## STUDY MATERIAL
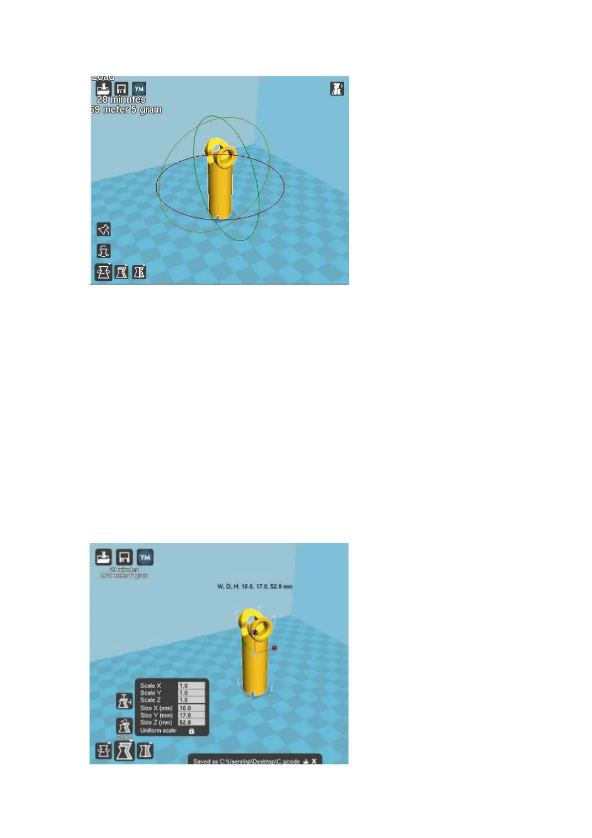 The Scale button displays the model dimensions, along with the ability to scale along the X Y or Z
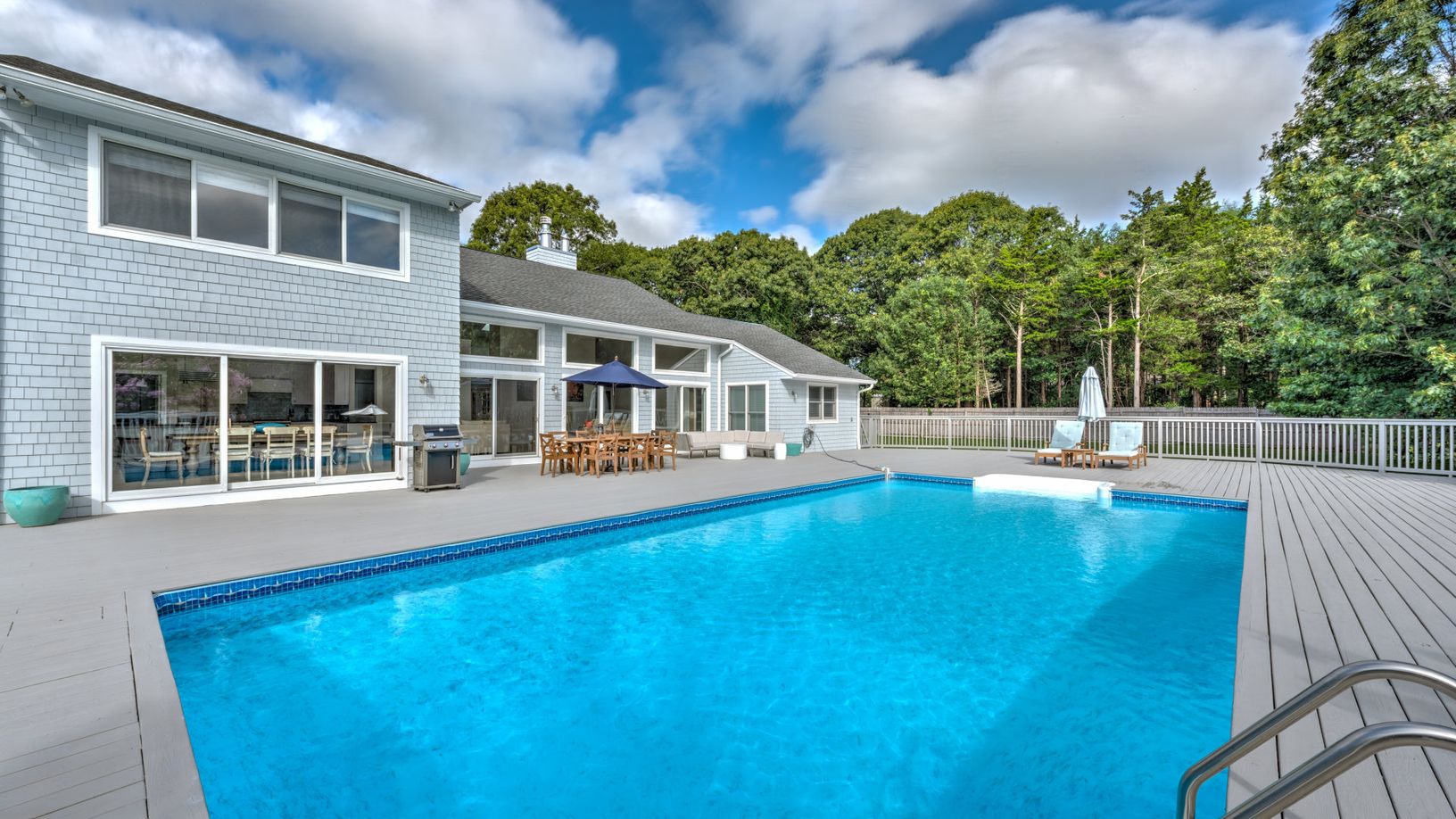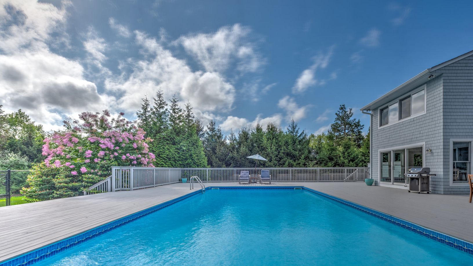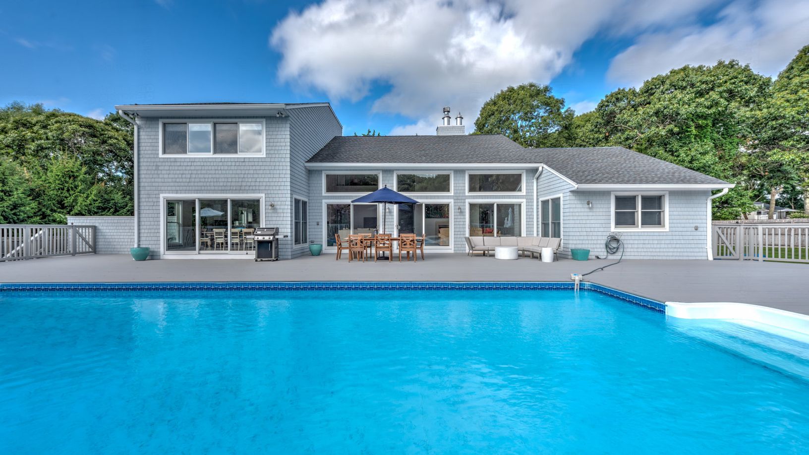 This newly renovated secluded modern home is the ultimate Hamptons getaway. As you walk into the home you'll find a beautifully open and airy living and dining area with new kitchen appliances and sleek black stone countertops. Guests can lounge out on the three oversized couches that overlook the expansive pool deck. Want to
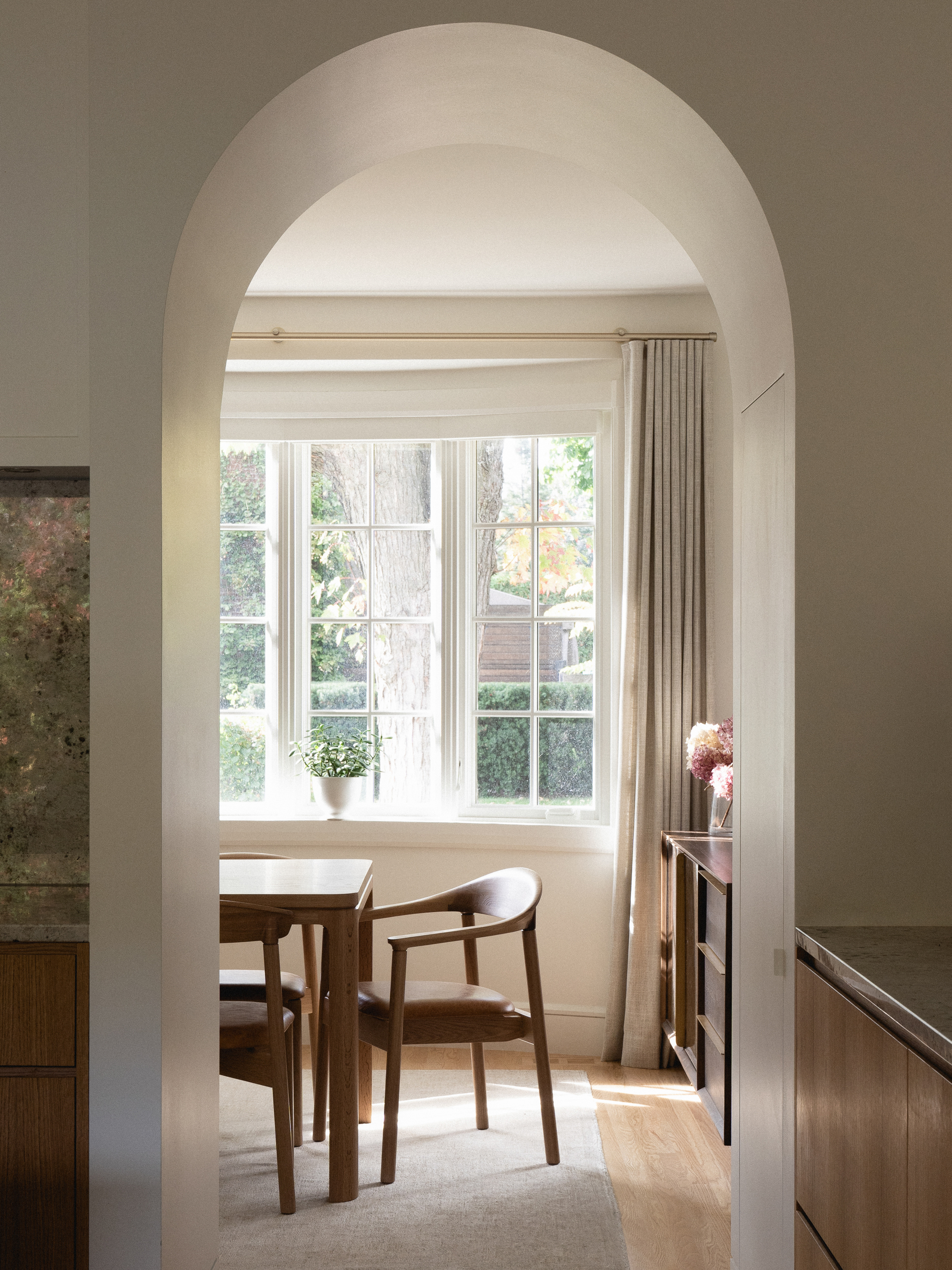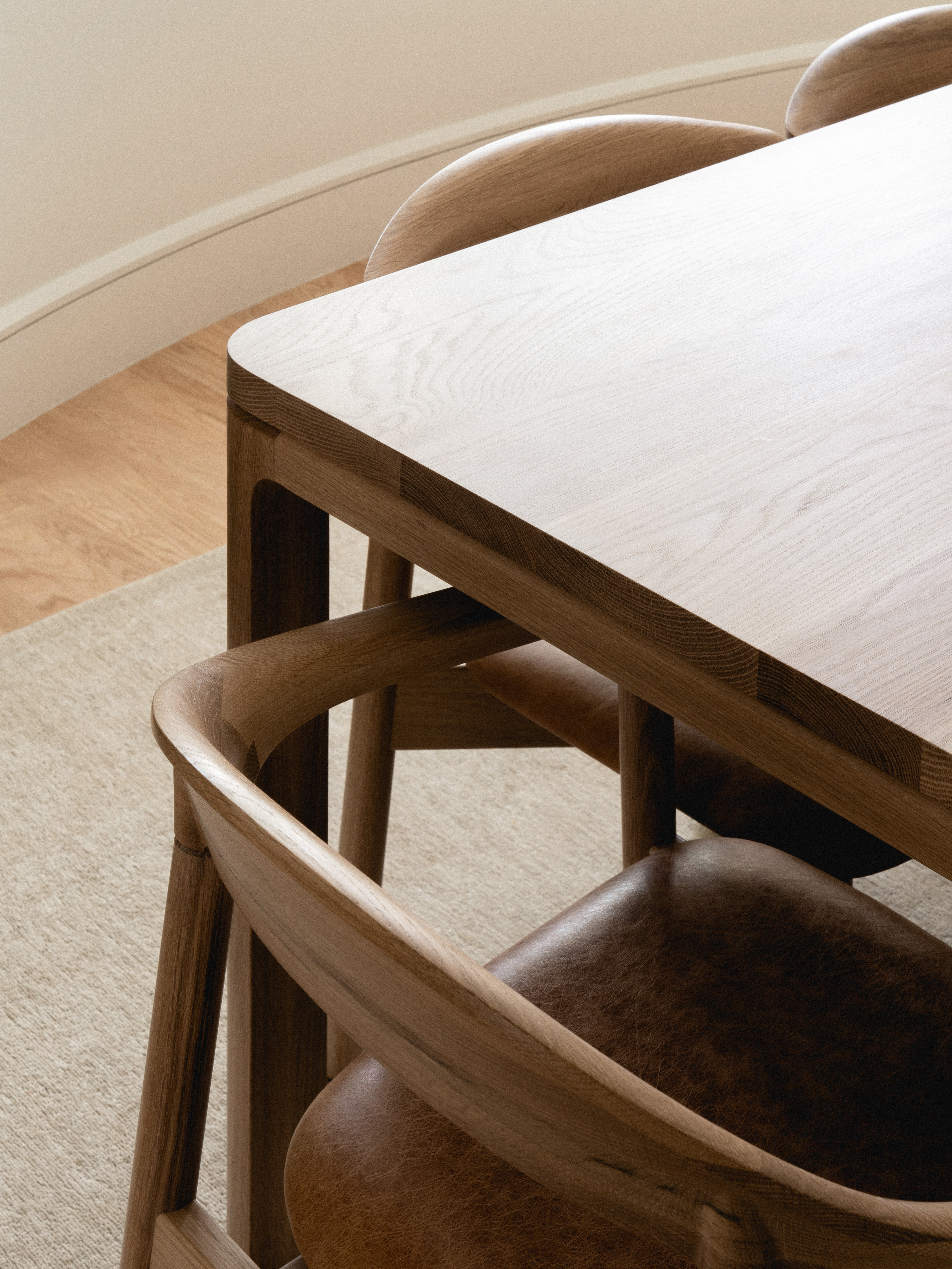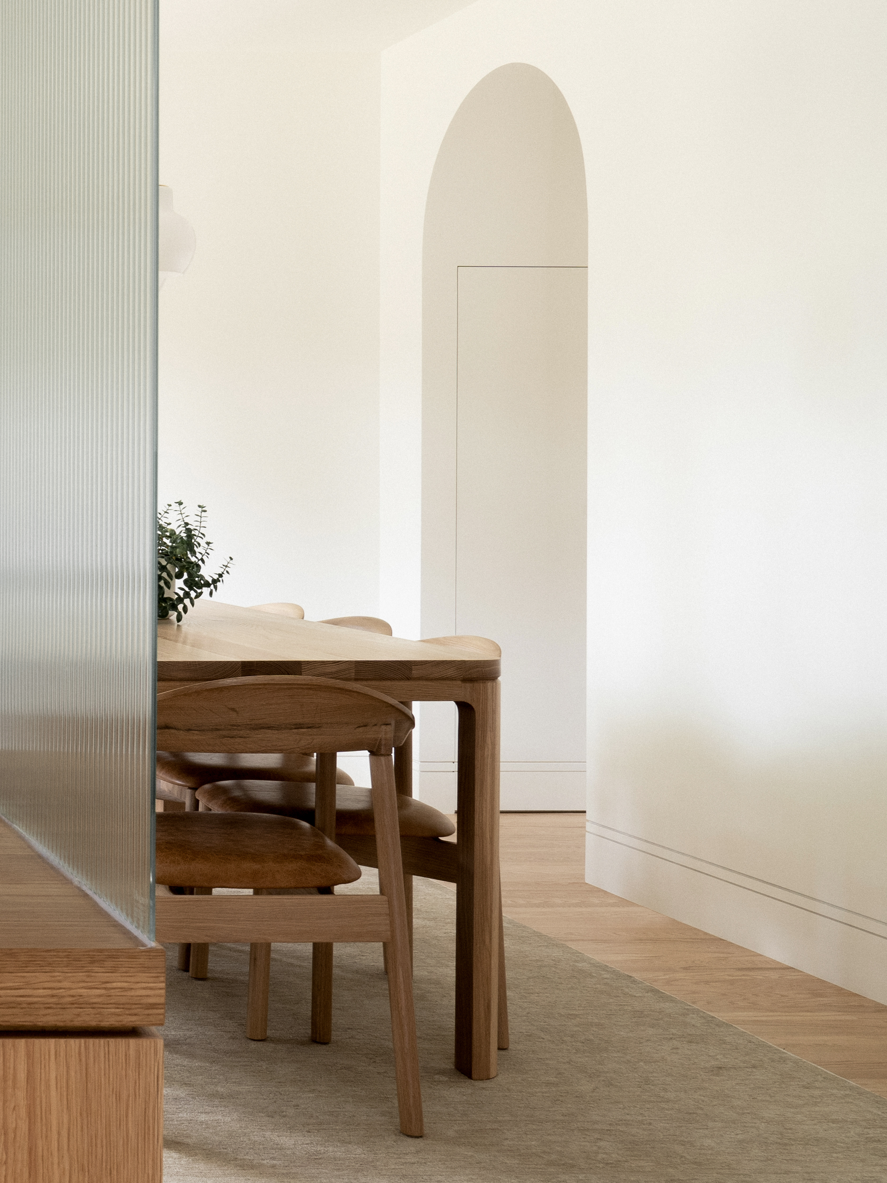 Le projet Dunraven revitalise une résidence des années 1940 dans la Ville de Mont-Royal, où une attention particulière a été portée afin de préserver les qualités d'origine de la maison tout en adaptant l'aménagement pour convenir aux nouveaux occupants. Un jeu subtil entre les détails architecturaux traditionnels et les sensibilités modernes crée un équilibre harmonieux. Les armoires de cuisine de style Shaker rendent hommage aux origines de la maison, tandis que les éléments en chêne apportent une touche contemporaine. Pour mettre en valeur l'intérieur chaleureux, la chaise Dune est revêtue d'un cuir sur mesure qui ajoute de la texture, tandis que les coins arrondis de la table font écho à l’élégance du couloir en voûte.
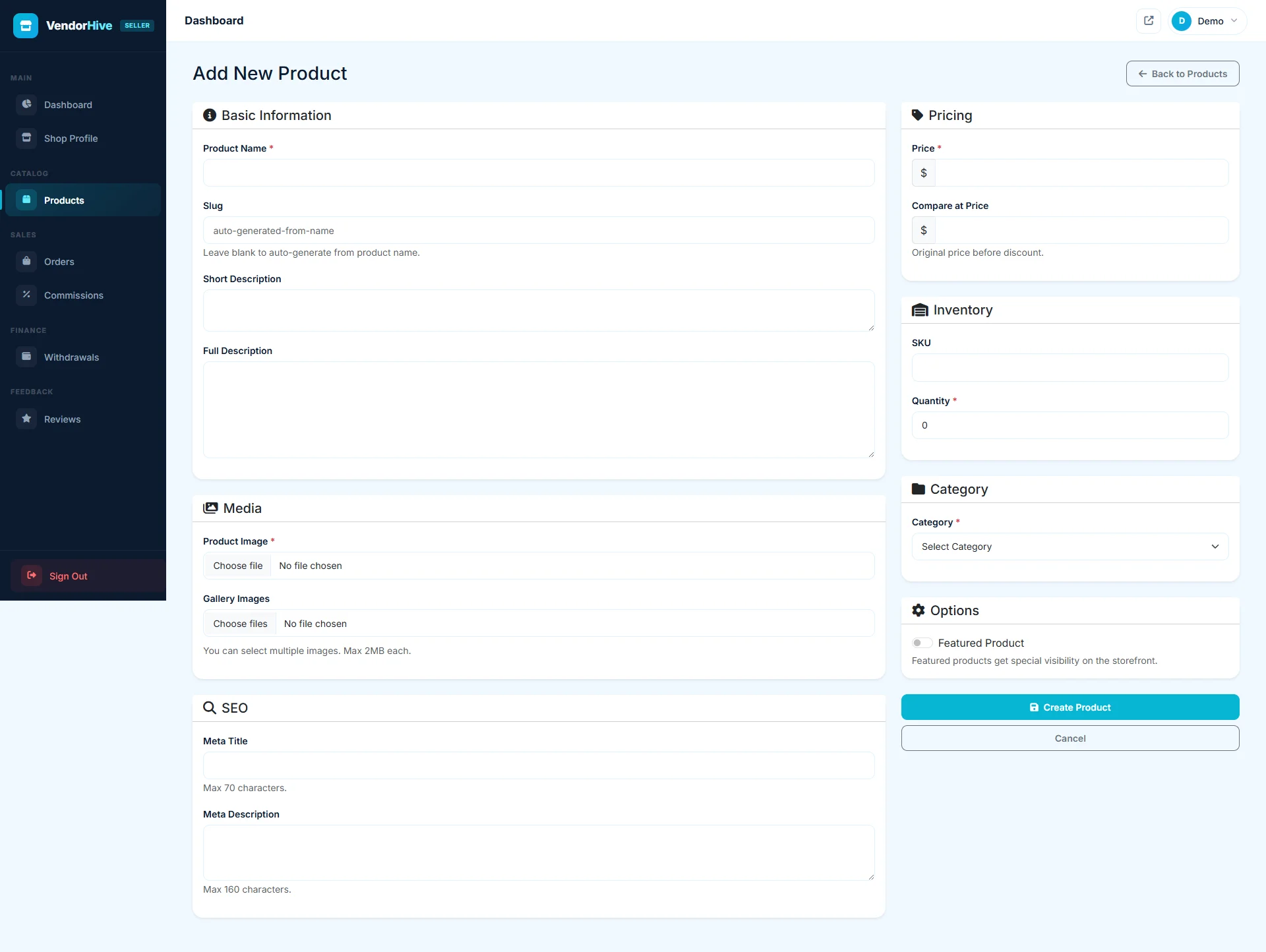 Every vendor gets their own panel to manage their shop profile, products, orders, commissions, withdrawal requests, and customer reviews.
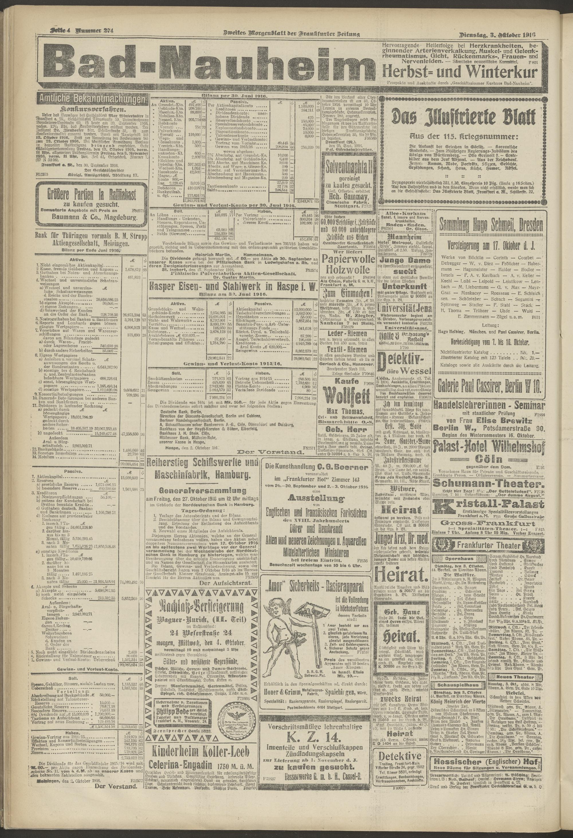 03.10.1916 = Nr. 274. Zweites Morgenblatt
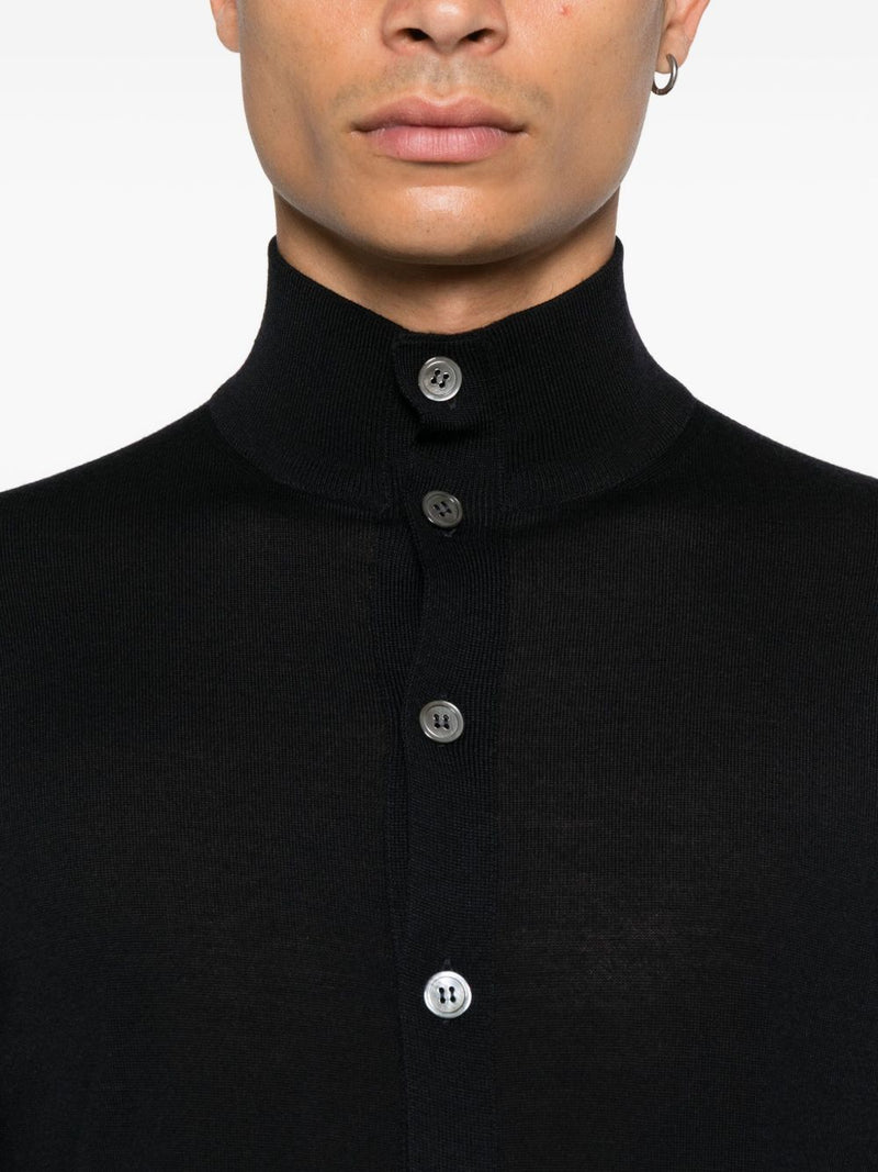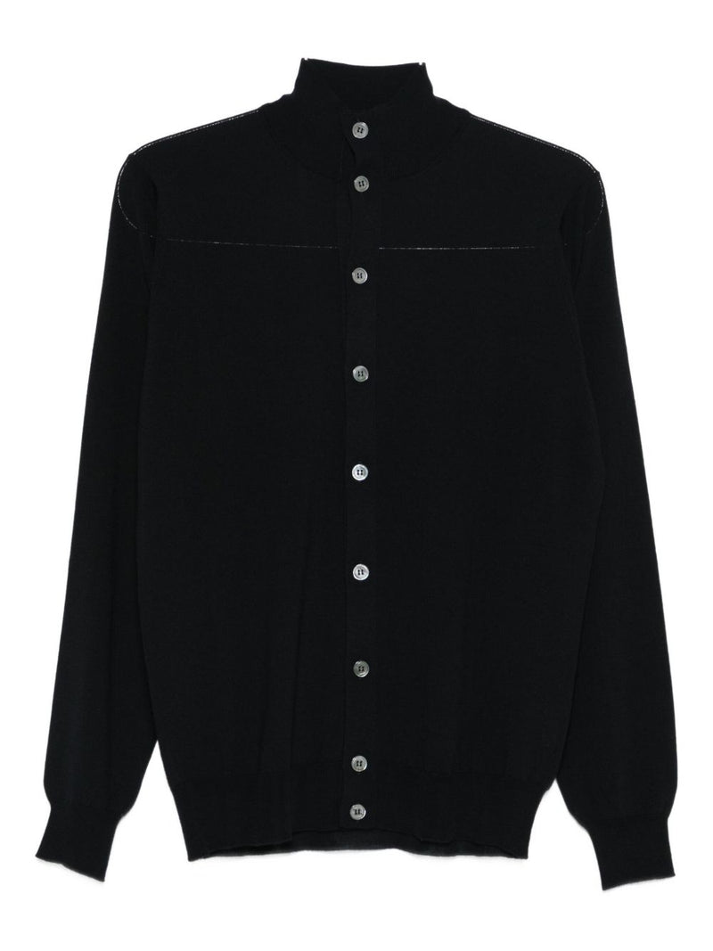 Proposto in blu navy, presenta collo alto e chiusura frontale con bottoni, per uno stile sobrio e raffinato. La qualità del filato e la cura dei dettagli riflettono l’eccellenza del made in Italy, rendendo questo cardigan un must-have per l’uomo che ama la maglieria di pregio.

## EXERCISE REQUIREMENTS
Only the lines between the one with "Every vendor gets" and the one with "03.10.1916 = Nr. 274. Zweites Morgenblatt", those two included, get copied from the material above. Keep it exact and free of pictures.

## EXERCISE ANSWER
 Every vendor gets their own panel to manage their shop profile, products, orders, commissions, withdrawal requests, and customer reviews.
 03.10.1916 = Nr. 274. Zweites Morgenblatt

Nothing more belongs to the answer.